EL primer ministro de Irlanda del Norte (Ulster), Peter Robinson, ha presentado la dimisión del cargo durante seis semanas -prorrogables- para mantenerse al margen de la investigación sobre el escándalo sexual que protagoniza su esposa, Iris, también diputada, que favoreció a su joven amante consiguiéndole 50.000 libras y la licencia para abrir un café.

No creo que seis semanas sean suficientes para que los irlandeses olviden un caso de película. Tiene todos los ingredientes para un buen filme: la señora fue amante de un vecino carnicero al que, en su lecho de muerte por cáncer, prometió cuidar de su hijo adolescente. Le cuidó con tanta dedicación y mimo que se convirtió en su amante, sin importarle que, por edad, podía ser su nieto. Un amor sin límites.

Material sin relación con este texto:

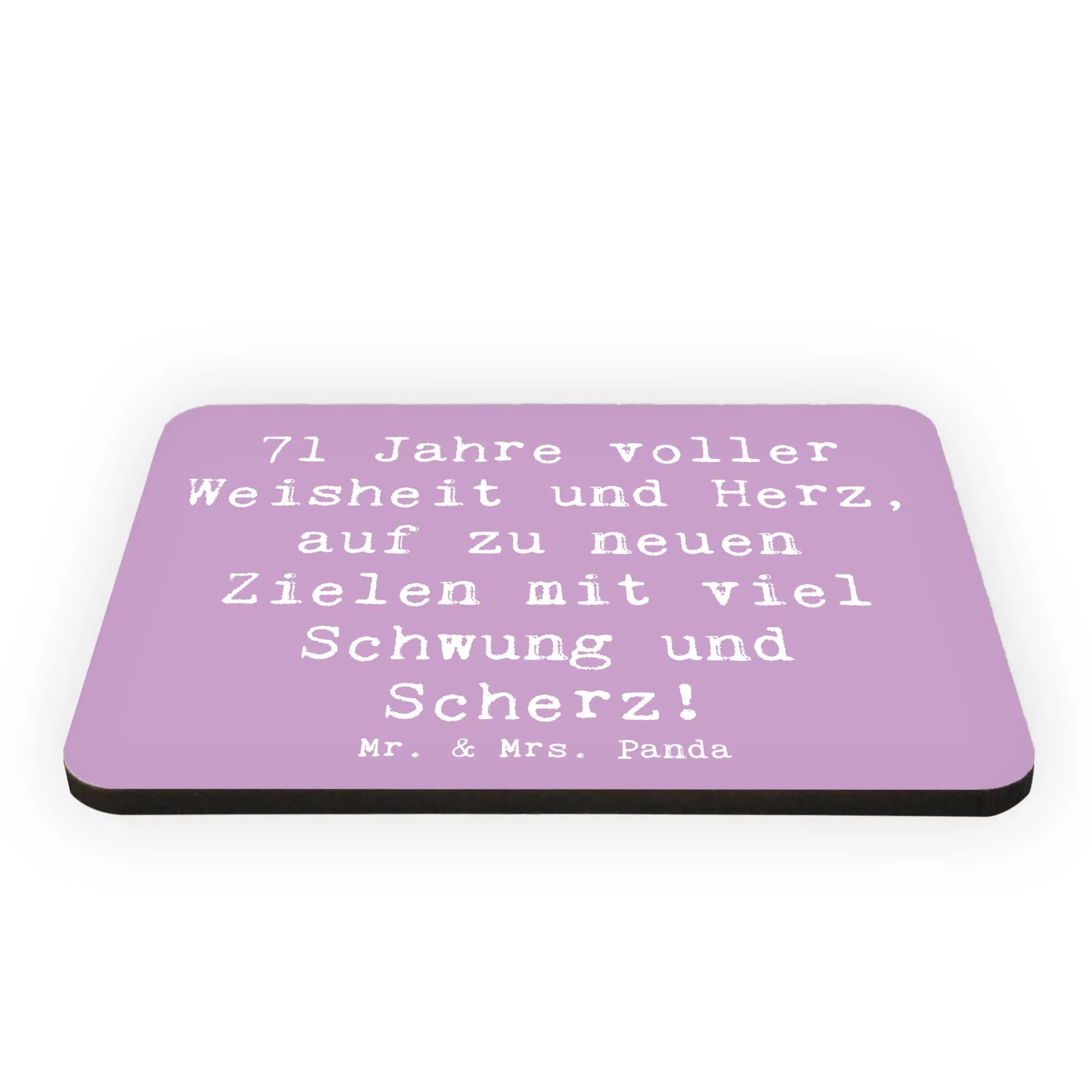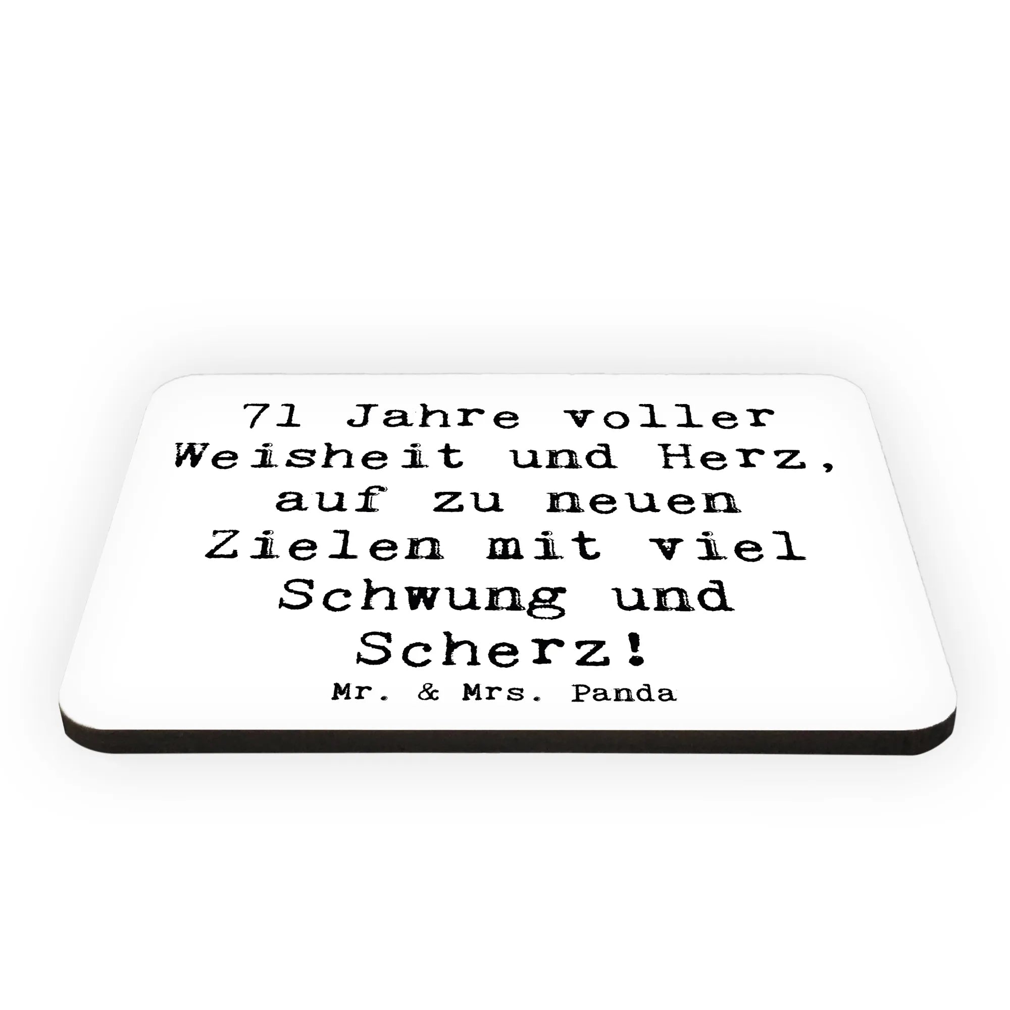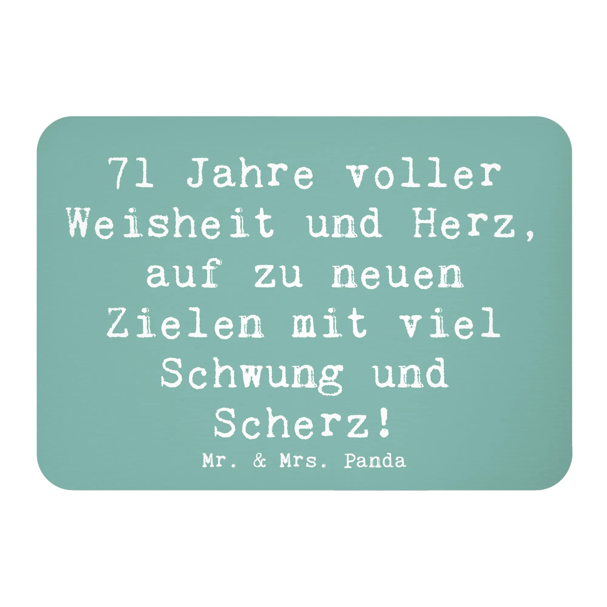 Der Kühlschrankmagnet '71 Jahre voller Weisheit und Herz, auf zu neuen Zielen mit viel Schwung und Scherz!' aus der besonderen Kollektion von Mr. & Mrs. Panda ist das perfekte Geschenk für all jene, die diesen besonderen Geburtstag auf eine ganz besondere Weise feiern möchten. Dieser Magnet ist nicht nur ein praktisches Accessoire für deinen Kühlschrank oder dein Whiteboard, sondern auch ein wunderschönes Stück Erinnerung an einen unvergesslichen Tag. Ob für Freunde, Verwandte oder liebe Menschen, die 71 Jahre jung werden – mit diesem Magneten schenkst du Freude und Liebe in einer zauberhaften Form.

Lo malo, para ella, es que hubo algo más que sexo. Iris ayudó al hijo del carnicero utilizando sus cargos de diputada y concejala para allegar fondos de dos promotores inmobiliarios a fin de que pudiera montar su negocio de cafetería y para que se hiciera con la concesión municipal de explotación en un nuevo parque local. Ya no estamos, pues, ante la aventura privada de la mujer de un político relevante que les afectaría a ellos y a nadie más, sino ante el adulterio de una política en activo que, aparte de ponerle los cuernos a su poderoso marido, hace tráfico de influencias desde sus cargos públicos .

Hay otro elemento peliculero que le perjudica. Iris Robinson, protestante pentecostal de armas tomar, defensora de la tradición y el puritanismo, echaba mano de la Biblia con frecuencia, fuera para condenar a los homosexuales por abominables y repulsivos o para criticar a Hillary Clinton por haber perdonado las infidelidades de Bill, precisamente lo que ha hecho su esposo ahora con ella. Iris pregonaba una cosa y hacía la contraria. Si mal no recuerdo, eso se conoce como hipocresía. Suele ocurrir. Antonio Gala escribió hace años que el puritanismo y el desmadre son hermanos siameses unidos por la espalda. O por otro sitio.

Pero el asunto es de película incluso literalmente. Por uno de esos azares que la realidad busca para hacerse más sugestiva y fantástica, la ardiente consorte del primer ministro del Ulster toma el apellido de su esposo y se llama nada menos que Mrs. Robinson, exactamente igual que la protagonista de El graduado, una hastiada ama de casa norteamericana (Anne Bancroft) que seduce a un jovencito inexperto (Dustin Hoffman) mientras Simon y Garfunkel cantan "escóndelo en un sitio discreto, donde nadie lo encuentre, mételo en la despensa, con los bizcochos".

Tampoco Mr. Robinson tiene medio pase. Escenificó que perdonaba a su esposa, pero solamente cuando se enteró que la BBC iba a hacer público el escándalo. Todo de cara a la galería.